Читать книгу «Портрет Дориана Грея. Саломея. Сказки» онлайн полностью📖 — Оскара Уайльда — MyBook.
cover

Оскар Уайльд
Портрет Дориана Грея; Саломея; Сказки (сборник)

иллюстрации Обри Бёрдслея, Симеона Фернана, Теодора Робинсона;

© Оформление. ООО «Издательство «Эксмо», 2025

Все права защищены. Книга или любая ее часть не может быть скопирована, воспроизведена в электронной или механической форме, в виде фотокопии, записи в память ЭВМ, репродукции или каким-либо иным способом, а также использована в любой информационной системе без получения разрешения от издателя. Копирование, воспроизведение и иное использование книги или ее части без согласия издателя является незаконным и влечет за собой уголовную, административную и гражданскую ответственность.

* * *

Зеркала Оскара Уайльда

Будущий новатор английского декаданса родился в Дублине и на всю жизнь сохранил гордость и свободомыслие ирландского духа.

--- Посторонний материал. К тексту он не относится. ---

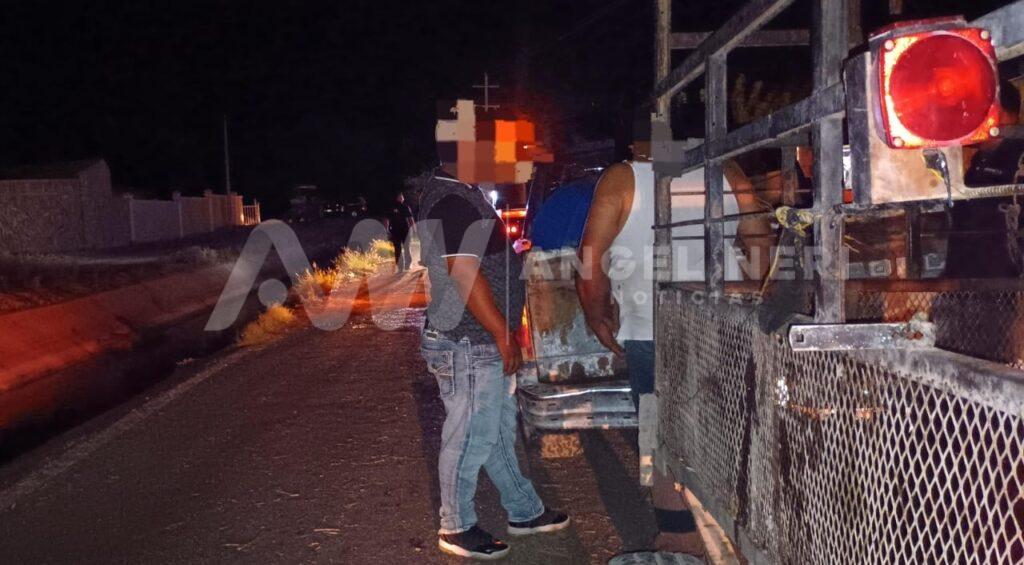 Se trata de una camioneta tipo pick up, de modelo atrasado, la cual jalaba una tráila y de acuerdo a la versión de los agentes de vialidad que levantaron las actas, esta se desplazaba en sentido de poniente a oriente y a pocos metros de llegar al canal principal Conchos, el conductor perdió el control del volante hacia su izquierda, precipitandose hacia el canal.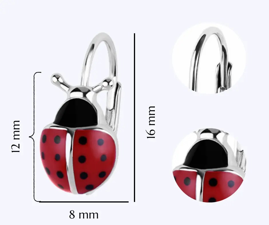 Odkryj urok kolczyków srebrnych biedronek, które zachwycą każde dziecko! Te urocze, śliczne kolczyki dla dzieci zostały starannie wykonane z wysokiej jakości srebra, które jest rodowane, co zapewnia im długotrwały blask i odporność na matowienie. Każda biedronka ma intensywny, czerwony kolor w kropki, dodający radości i energii do każdej stylizacji. Kolczyki są wyposażone w angielskie zapięcie, które zapewnia wygodę noszenia i bezpieczeństwo, dzięki czemu idealnie nadają się dla najmłodszych. Co ważne, nasze kolczyki nie zawierają niklu, co sprawia, że są bezpieczne dla wrażliwej skóry. Wybierz te urocze kolczyki biedronki jako doskonały dodatek do codziennych i odświętnych stylizacji!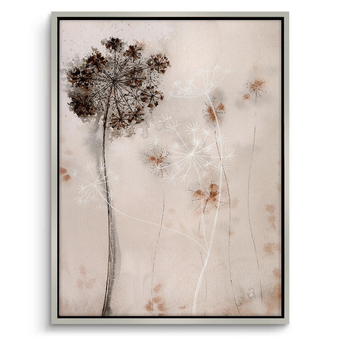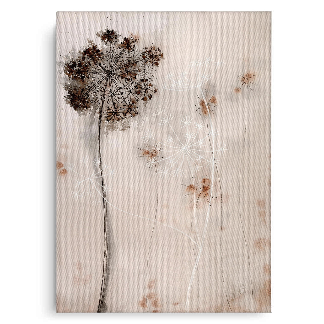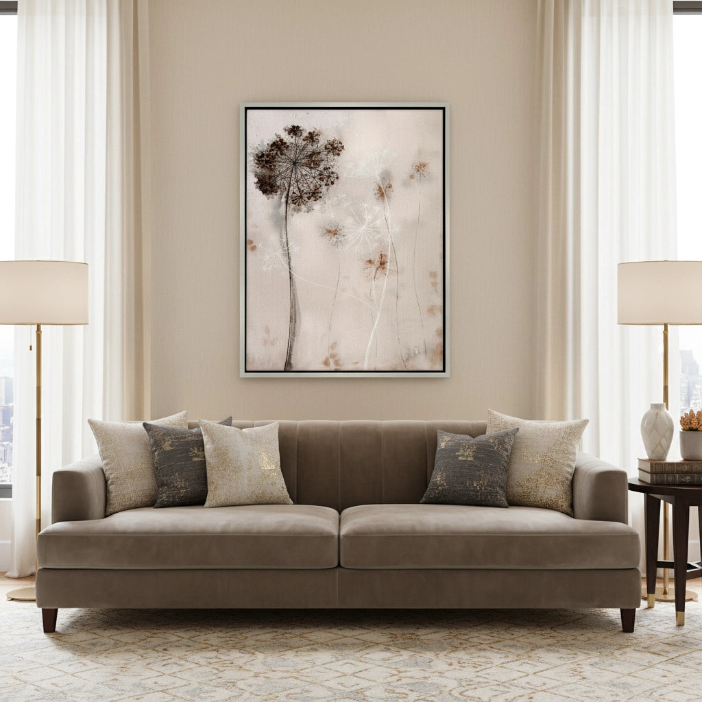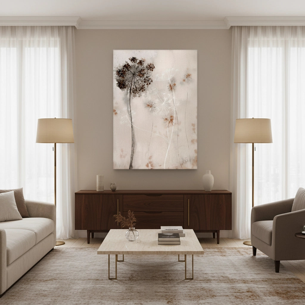 The delicate Queen Anne's Lace print is a serene piece of abstract watercolor botanical art. This canvas features the intricate, lace-like pattern of the Queen Anne's Lace flower, rendered in contrasting styles: a deep, moody sepia wash and a soft, airy white silhouette. Set against a soft blush/beige background, this artwork perfectly blends natural simplicity with a touch of rustic, romantic elegance. It is an excellent choice for adding a calm, earthy, and sophisticated touch to a sunlit room or gallery wall in Dubai.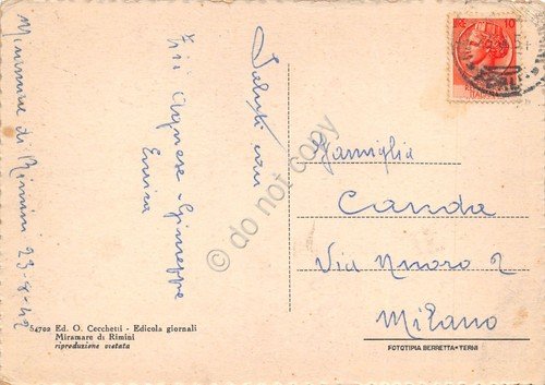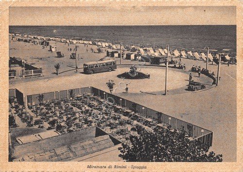Cartolina Miramare di Rimini Spiaggia dall'alto bus bar con tavolini 1942 | Cartoline |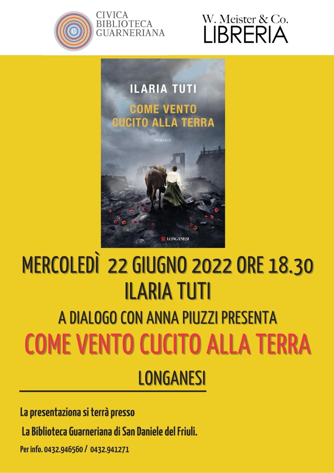 Mercoledì 22 giugno alle ore 18.30 in biblioteca Guarneriana, Ilaria Tuti presenta il suo ultimo libro Come vento cucito alla terra (Longanesi).

Его мать писала стихи для революционного движения и с юных лет прививала сыновьям способность мыслить независимо. Особенно её идеи повлияли на впечатлительного младшего сына, будущего писателя и драматурга.

Свою жизнь в искусстве Оскар Уайльд начал с поэзии и относил себя к обществу poète maudit, что в переводе с французского «проклятые поэты» – к тем, кто живёт в конфликте с обществом и не оглядывается на чужое мнение. Это обстоятельство во многом предопределило творческий и жизненный путь Оскара и даже сыграло роковую роль в его судьбе.

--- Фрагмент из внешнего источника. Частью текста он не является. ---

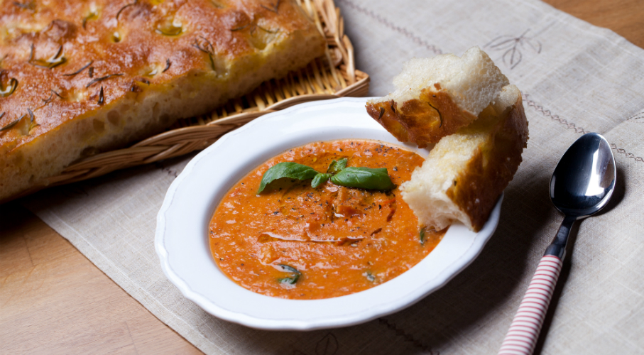 A négybe vágott paradicsomot és lilahagymát a fokhagymával együtt egy tepsibe tesszük, sózzuk borsozzuk majd nyakon öntjük olívaolajjal. 180 fokos sütőben addig sütjük, amíg levet ereszt és karamellizálódni kezd a paradicsom. Ha ezzel megvagyunk, az összesült zöldségeket egy lábosba tesszük, majd botmixerrel enyhén darabosra turmixoljuk. A leves térfogatát zöldségalaplével növeljük, amikor elértük a kívánt állagot, friss bazsalikommal, ízlés szerint sóval, borssal és fokhagymával ízesítjük. Ha szeretnénk, hogy igazán különleges legyen ez a fogás, utolsó lépésként egy kevés focacciát turmixolhatunk hozzá, ezáltal egy gazdag, testes ételt kapunk. Tálaláskor friss bazsalikomot és parmezánt használhatunk, esetleg egy kis olívaolajjal is meglocsolhatjuk.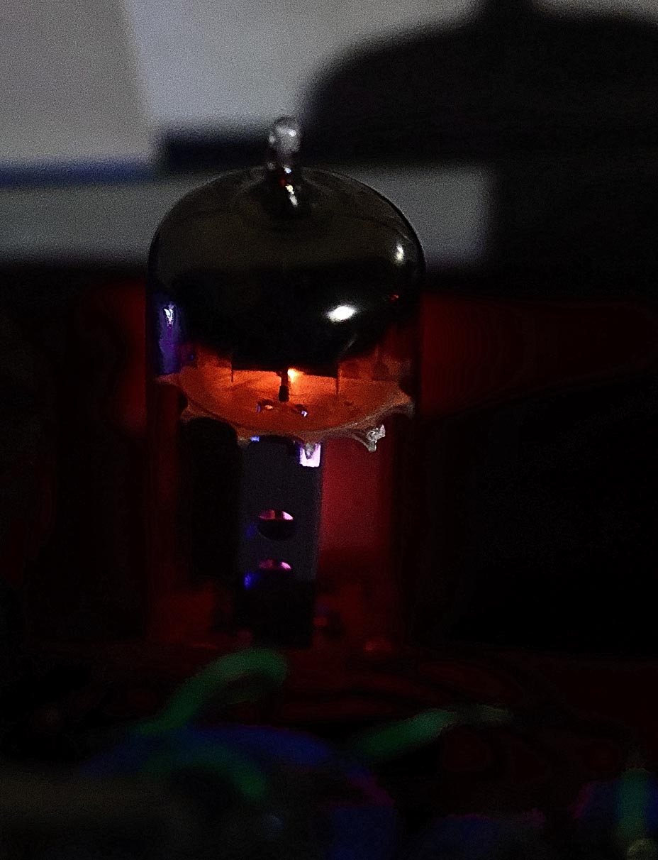 Door de contaminatie van het stuurrooster kan het werkpunt van de buis verschuiven, zodat de gloed meer zichtbaar is. In sommige gevallen is de verschuiving van het werkpunt zo sterk, dat de anode rood gaat gloeien. Dit is een teken dat de buis overbelast wordt (in dit geval moest een PL508 (dissipatie van 12W) 18W dissiperen, zie foto rechts). Meestal gaat dit gepaard met een hoorbare brom.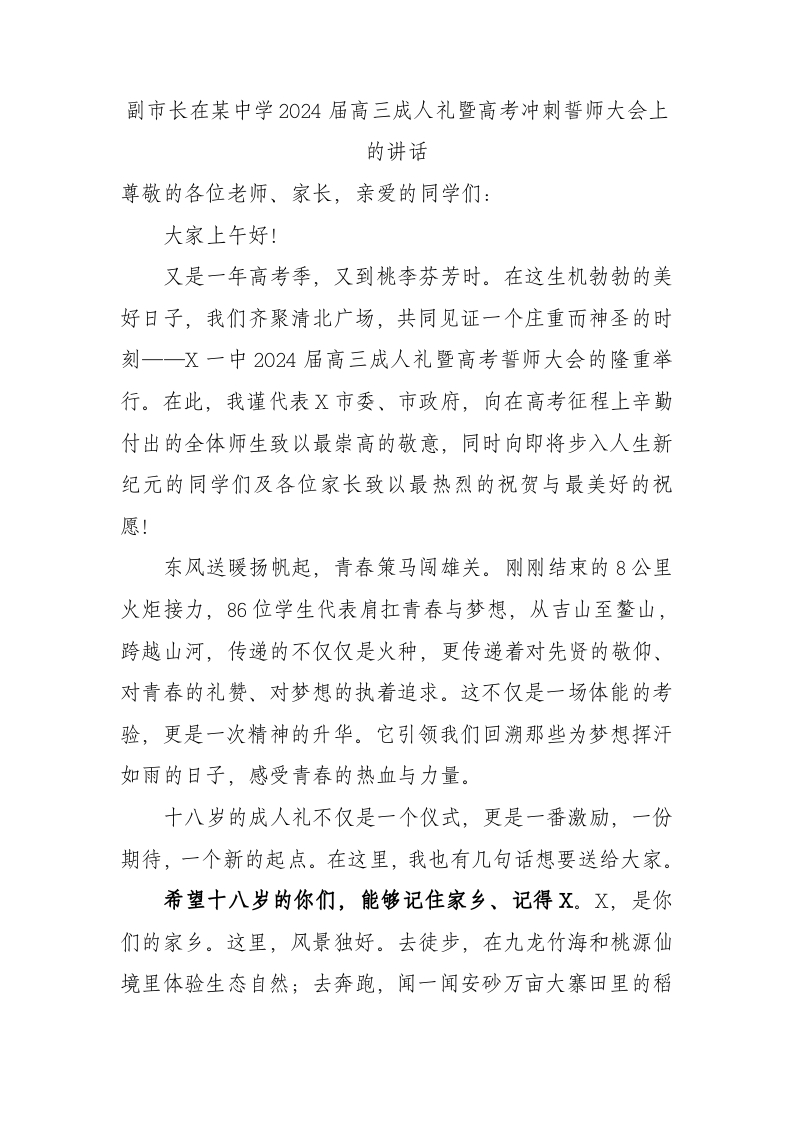 / 副市长在某中学2024届高三成人礼暨高考冲刺誓师大会上的讲话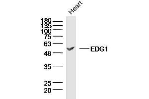 Background: G-protein coupled receptor for the bioactive lysosphingolipid sphingosine 1-phosphate (S1P) that seems to be coupled to the G(i) subclass of heteromeric G proteins. Signaling leads to the activation of RAC1, SRC, PTK2/FAK1 and MAP kinases. Plays an important role in cell migration, probably via its role in the reorganization of the actin cytoskeleton and the formation of lamellipodia in response to stimuli that increase the activity of the sphingosine kinase SPHK1. Required for normal chemotaxis toward sphingosine 1-phosphate. Required for normal embryonic heart development and normal cardiac morphogenesis. Plays an important role in the regulation of sprouting angiogenesis and vascular maturation. Inhibits sprouting angiogenesis to prevent excessive sprouting during blood vessel development. Required for normal egress of mature T-cells from the thymus into the blood stream and into peripheral lymphoid organs. Plays a role in the migration of osteoclast precursor cells, the regulation of bone mineralization and bone homeostasis (By similarity). Plays a role in responses to oxidized 1-palmitoyl-2-arachidonoyl-sn-glycero-3-phosphocholine by pulmonary endothelial cells and in the protection against ventilator-induced lung injury.

На заре литературной славы, в одном из путешествий по Фландрии, он встретил старинную гробницу рыцаря. «Настанет час расплаты за всё», – гласила надпись на надгробии. Оскар запомнил предзнаменование, но тогда не принял близко к сердцу. Вызов общественным нормам в итоге привёл его к судебному приговору.

После тюрьмы Уайльд прожил совсем немного и умер в возрасте 46 лет, забытый большинством литературных друзей и многочисленных протеже, которым не раз помогал в публикациях. Он утратил всё, чем обладал, но самое печальное, что тюрьма подкосила его здоровье и финансовое положение и он мало писал в последние годы жизни.

«Лишь современному суждено стать старомодным», – считал Уайльд, впервые эта мысль появилась в эссе «Упадок искусства лжи». Его творения изначально не претендовали на острую злободневность, но остались в веках.

Львиная доля его знаковых произведений приходится на 1890-е. Список, сравнимый с настоящим творческим марафоном, открывает роман «Портрет Дориана Грея», созданный в 1890 году всего за три недели.

«Моя первоначальная идея была написать о молодом человеке, продающем душу за вечную молодость», – объяснял в письме Уайльд своему издателю.

Символическое зеркало, черты которого обретает портрет героя, появляется и в сказках автора, например, в «Дне рождения инфанты». Уайльда волновала двойственность человеческой натуры, неуловимая мимолётность красоты и неизбежное искажение правды.

«Зеркала отражают одни лишь маски», – напишет он в своём следующем произведении. В 1891-м появится пьеса «Саломея». Главная роль в ней могла достаться идолу французской сцены Саре Бернар, но пьесу запретили, и зрителю не суждено было увидеть Танец Семи Покрывал в её исполнении.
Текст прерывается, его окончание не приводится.